No pictures go into the copy. Write out exactly the lines below from the one containing "把所有配料搅拌均匀,然后把烫好的红萝卜和海带丝一起倒入锅中,用筷子搅拌均匀。" through the one containing "Dieser personalisierte Volleyball-Schlüsselanhänger".

*Data:*

┄┄┄┄┄┄

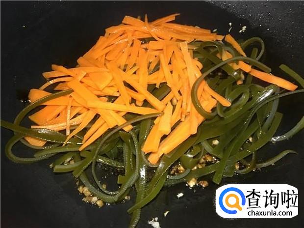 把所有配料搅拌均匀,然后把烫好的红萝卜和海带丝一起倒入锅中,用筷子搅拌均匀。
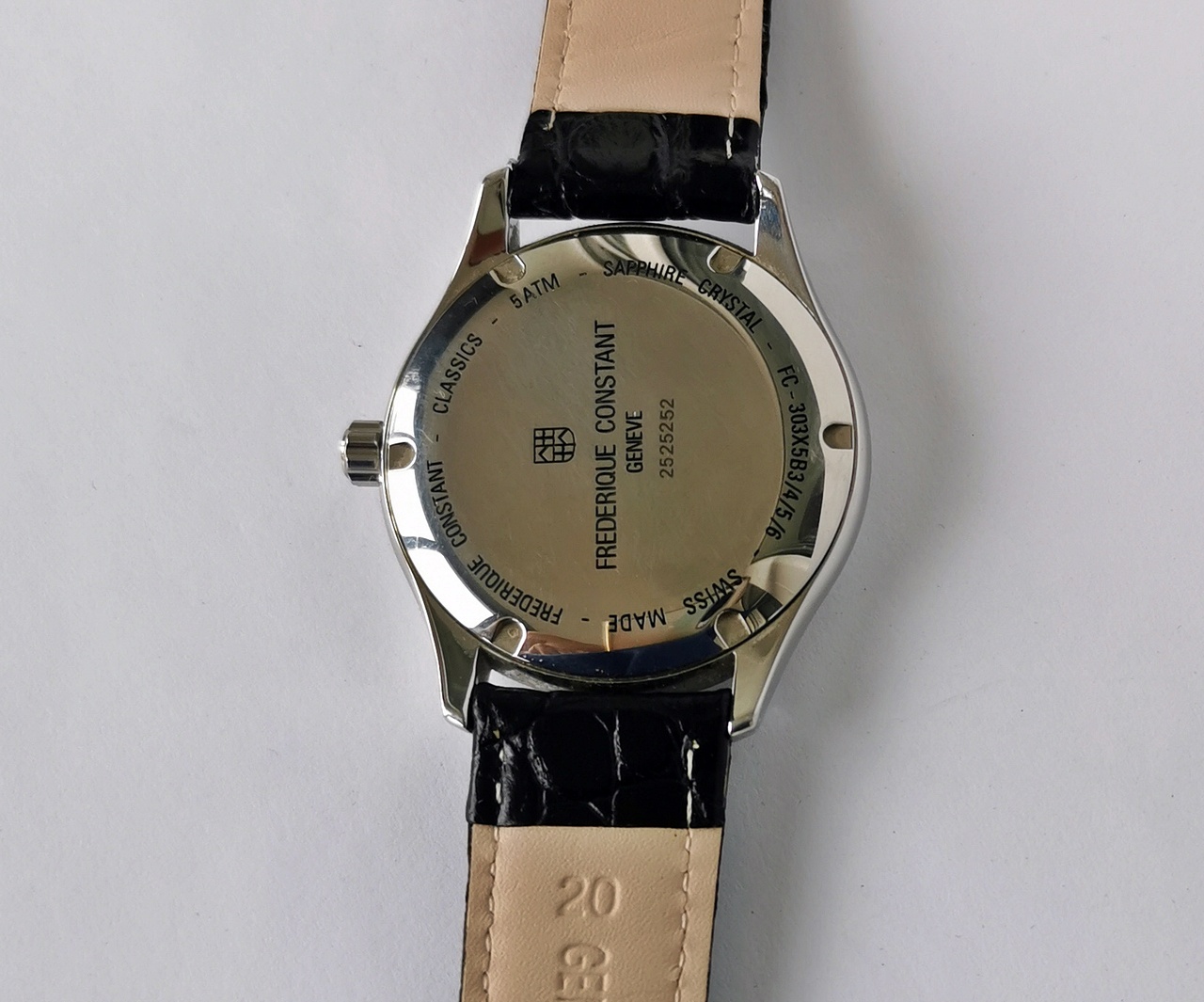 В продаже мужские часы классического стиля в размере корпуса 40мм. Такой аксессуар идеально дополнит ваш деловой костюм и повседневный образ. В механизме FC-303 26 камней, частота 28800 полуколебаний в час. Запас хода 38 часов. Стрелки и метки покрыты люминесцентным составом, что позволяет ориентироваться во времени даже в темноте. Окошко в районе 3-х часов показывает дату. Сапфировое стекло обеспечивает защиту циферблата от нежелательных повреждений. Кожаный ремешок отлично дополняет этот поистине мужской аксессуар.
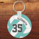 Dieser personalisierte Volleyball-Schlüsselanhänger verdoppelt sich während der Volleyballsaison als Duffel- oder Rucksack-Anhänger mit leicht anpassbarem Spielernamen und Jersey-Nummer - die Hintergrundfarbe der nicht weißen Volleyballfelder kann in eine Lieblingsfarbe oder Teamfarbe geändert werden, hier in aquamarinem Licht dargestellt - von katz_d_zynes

┄┄┄┄┄┄

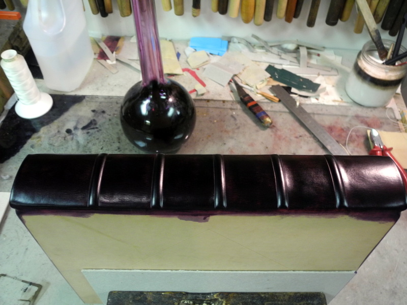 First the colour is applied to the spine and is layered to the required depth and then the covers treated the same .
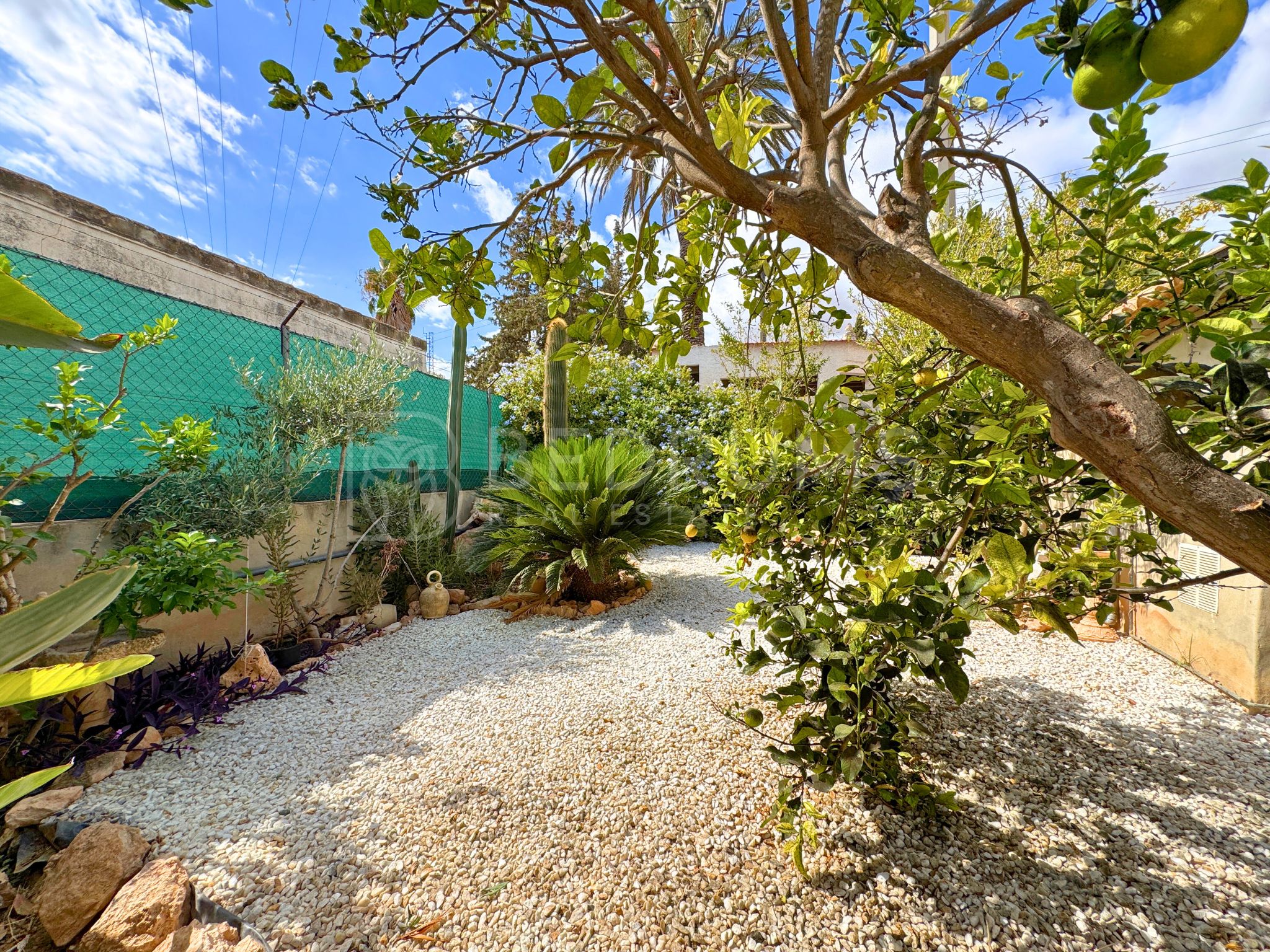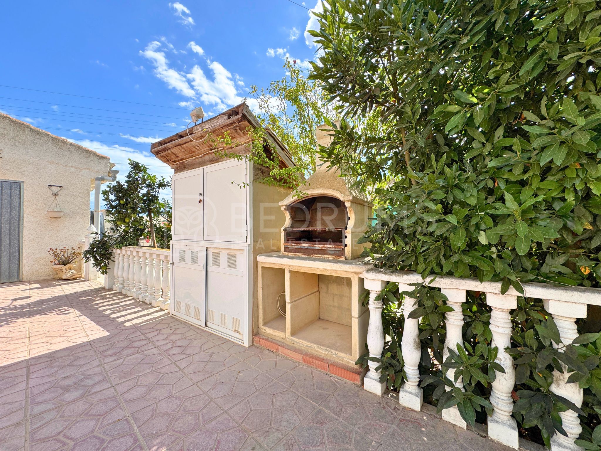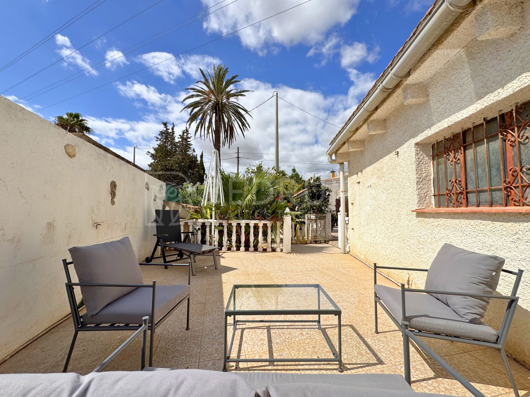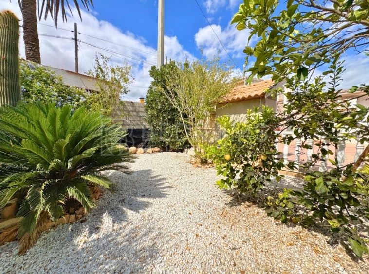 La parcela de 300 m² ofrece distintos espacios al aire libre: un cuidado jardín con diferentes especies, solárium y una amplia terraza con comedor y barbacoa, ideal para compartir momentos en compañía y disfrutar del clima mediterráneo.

┄┄┄┄┄┄

*Written solution:*
 把所有配料搅拌均匀,然后把烫好的红萝卜和海带丝一起倒入锅中,用筷子搅拌均匀。
 В продаже мужские часы классического стиля в размере корпуса 40мм. Такой аксессуар идеально дополнит ваш деловой костюм и повседневный образ. В механизме FC-303 26 камней, частота 28800 полуколебаний в час. Запас хода 38 часов. Стрелки и метки покрыты люминесцентным составом, что позволяет ориентироваться во времени даже в темноте. Окошко в районе 3-х часов показывает дату. Сапфировое стекло обеспечивает защиту циферблата от нежелательных повреждений. Кожаный ремешок отлично дополняет этот поистине мужской аксессуар.
 Dieser personalisierte Volleyball-Schlüsselanhänger verdoppelt sich während der Volleyballsaison als Duffel- oder Rucksack-Anhänger mit leicht anpassbarem Spielernamen und Jersey-Nummer - die Hintergrundfarbe der nicht weißen Volleyballfelder kann in eine Lieblingsfarbe oder Teamfarbe geändert werden, hier in aquamarinem Licht dargestellt - von katz_d_zynes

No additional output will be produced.